In your copy, repeat each record exactly and include no pictures.

Stored entries:
* * * *
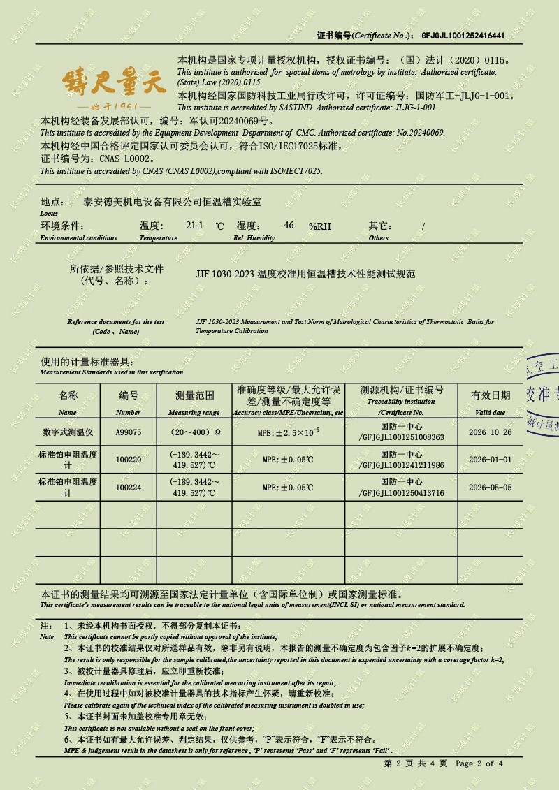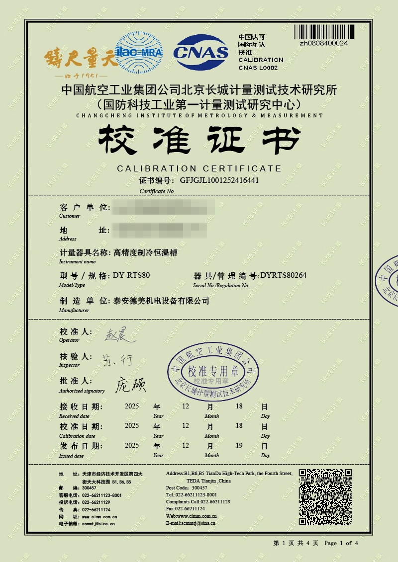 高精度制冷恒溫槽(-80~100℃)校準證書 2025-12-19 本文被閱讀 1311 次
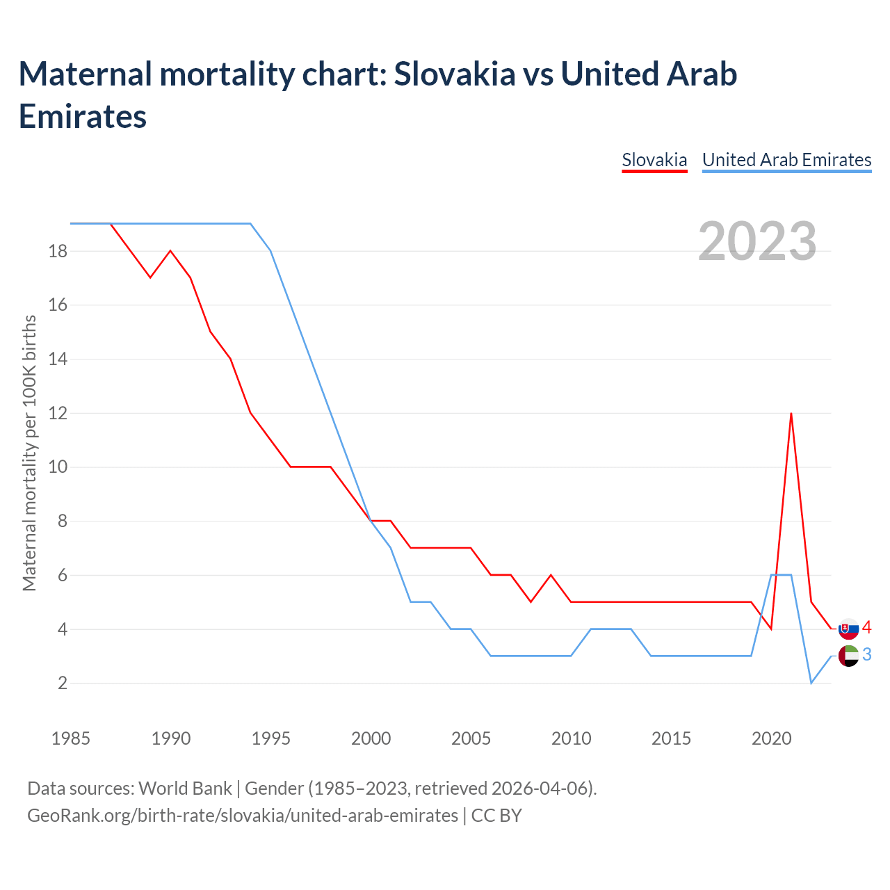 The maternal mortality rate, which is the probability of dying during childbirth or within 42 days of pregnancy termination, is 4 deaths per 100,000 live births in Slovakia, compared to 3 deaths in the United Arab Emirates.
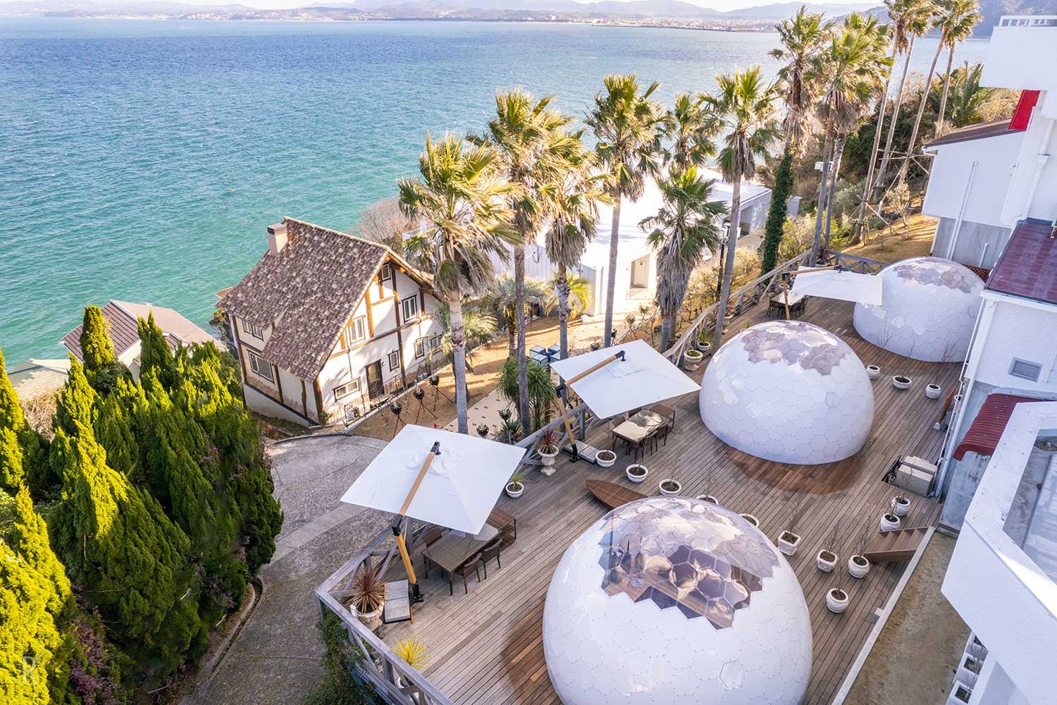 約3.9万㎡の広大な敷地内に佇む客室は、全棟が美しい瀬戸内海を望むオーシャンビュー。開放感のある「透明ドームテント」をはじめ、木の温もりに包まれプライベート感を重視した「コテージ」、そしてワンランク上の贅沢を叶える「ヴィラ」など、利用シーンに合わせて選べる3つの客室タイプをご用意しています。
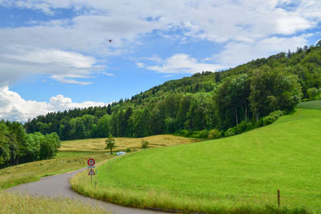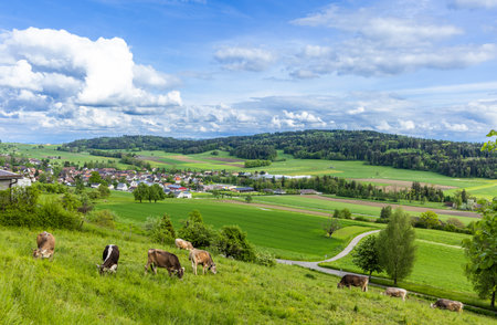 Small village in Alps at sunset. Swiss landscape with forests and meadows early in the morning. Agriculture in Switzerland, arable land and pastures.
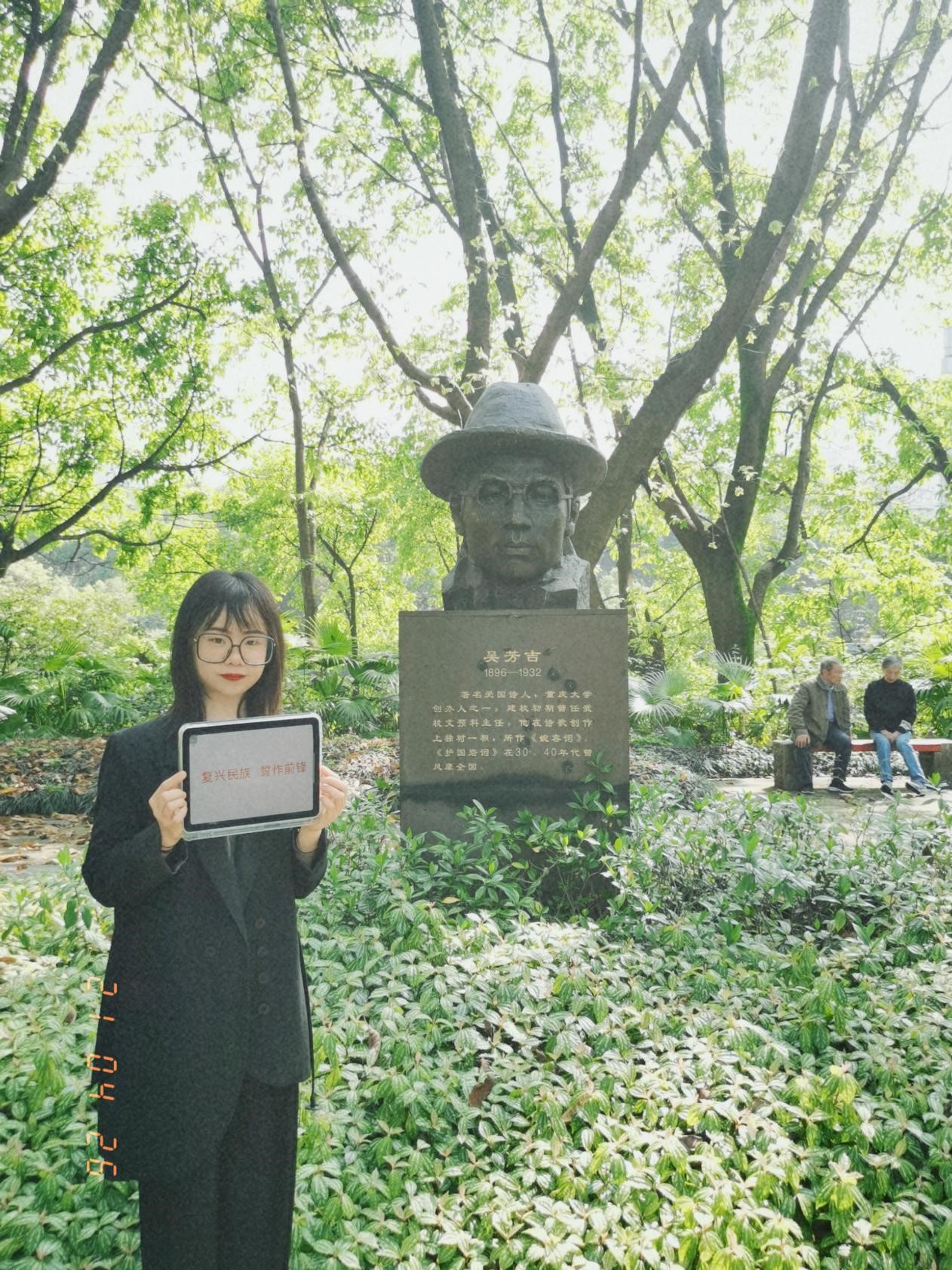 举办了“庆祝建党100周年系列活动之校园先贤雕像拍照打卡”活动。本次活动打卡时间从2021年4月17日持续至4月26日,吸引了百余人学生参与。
* * * *
**Completed exercise**:
 高精度制冷恒溫槽(-80~100℃)校準證書 2025-12-19 本文被閱讀 1311 次
 The maternal mortality rate, which is the probability of dying during childbirth or within 42 days of pregnancy termination, is 4 deaths per 100,000 live births in Slovakia, compared to 3 deaths in the United Arab Emirates.
 約3.9万㎡の広大な敷地内に佇む客室は、全棟が美しい瀬戸内海を望むオーシャンビュー。開放感のある「透明ドームテント」をはじめ、木の温もりに包まれプライベート感を重視した「コテージ」、そしてワンランク上の贅沢を叶える「ヴィラ」など、利用シーンに合わせて選べる3つの客室タイプをご用意しています。
 Small village in Alps at sunset. Swiss landscape with forests and meadows early in the morning. Agriculture in Switzerland, arable land and pastures.
 举办了“庆祝建党100周年系列活动之校园先贤雕像拍照打卡”活动。本次活动打卡时间从2021年4月17日持续至4月26日,吸引了百余人学生参与。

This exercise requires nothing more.